К чему я это говорю? От роли в "Двенадцати разгневанных", как и в случае с Бориской Тарковского, я тоже что-то взял. Она мне помогла. На ту пору мне было двадцать лет. И до этого я всё время играл каких-то отроков-подростков, потому что выглядел моложе, чем был на самом деле. А тут вдруг — супермен сорокалетний с приклеенными усами! Один против всех. Сила духа такая, что всех сокрушает. Как это сделать убедительным?
И я себя тогда запрограммировал на то, чтобы у меня в этой роли не было ни одного лишнего движения. Если я поднимаю руку, чтобы, к примеру, взять стакан, то рука моя спокойно, без суеты, от точки до точки, совершает это действие. Если показываю на дверь, тоже — от точки до точки. Никакой юношеской суетливости. Потом это мне очень пригодилось.
Я не играю отрицательных ролей. У меня за всю актёрскую жизнь — только один отрицательный эпизодик в фильме Алексея Германа "Проверка на дорогах". Тогда я согласился на эпизод от нечего делать. Я не знал, кто такой Алексей Герман. Мне, конечно, было известно, кто у него папа — знаменитый советский прозаик и драматург Юрий Герман. А сын его — никому не известный упитанный молодой человек. Других отрицательных ролей у меня нет.
Мне нужны те роли, до которых надо дотягиваться. Как до Лермонтова, многое в себе переоценивая. Как до Тютчева. И, конечно же,— до Иешуа Га-Ноцри в "Мастере и Маргарите". Это вообще вершина жизни нашей, это — Истина, если брать его прообраз. После этого фильма — уже на протяжении двадцати лет — я отказываюсь от всех предложений. За двадцать лет не отказался лишь от "Тютчева", которого мы сделали быстро, за пять дней, и — императора Николая Второго в "Адмирале".

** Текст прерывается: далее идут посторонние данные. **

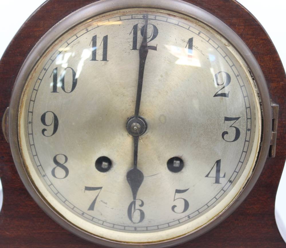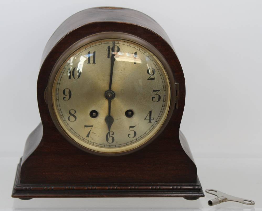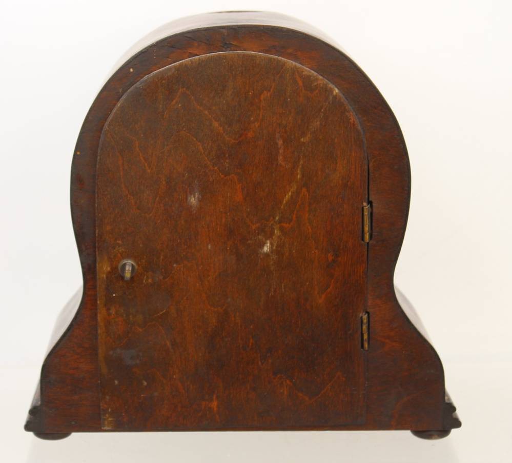 Kaminuhr um 1930, Holzgehäuse, dieses beschädigt, Schlüsselwerk läuft kurz an, ca. H-23cm B-24cm [1]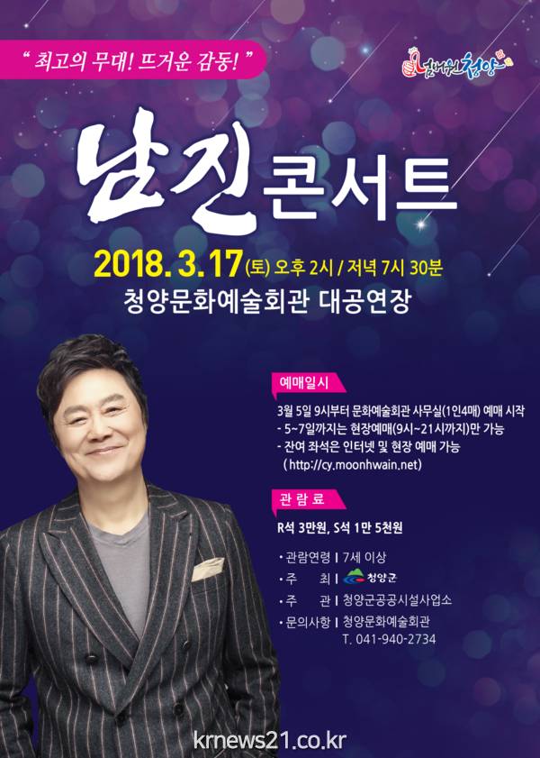 청양군이 내달 17일 문예회관 대공연장에서 ‘2018 남진 콘서트’를 개최한다.

— Мне довелось общаться с Павлом Лунгиным. Это было вскоре после выхода на экраны его фильма "Остров". Мы говорили в том числе о Петре Мамонове, сыгравшем в нём главную роль. Помню, я тогда заметил, что Мамонов во многом сыграл самого себя. На что Лунгин парировал: дескать, "актёры — таинственные существа. Порой не знаешь, что происходит в их головах. Они — то никто, то одновременно — всё. Они могут воплотить в себе любого, а для этого надо иметь некоторую внутреннюю пустоту". Иными словами, чем режиссёр пустующий сосуд наполнит, тем он и будет. Согласны ли вы с этим утверждением?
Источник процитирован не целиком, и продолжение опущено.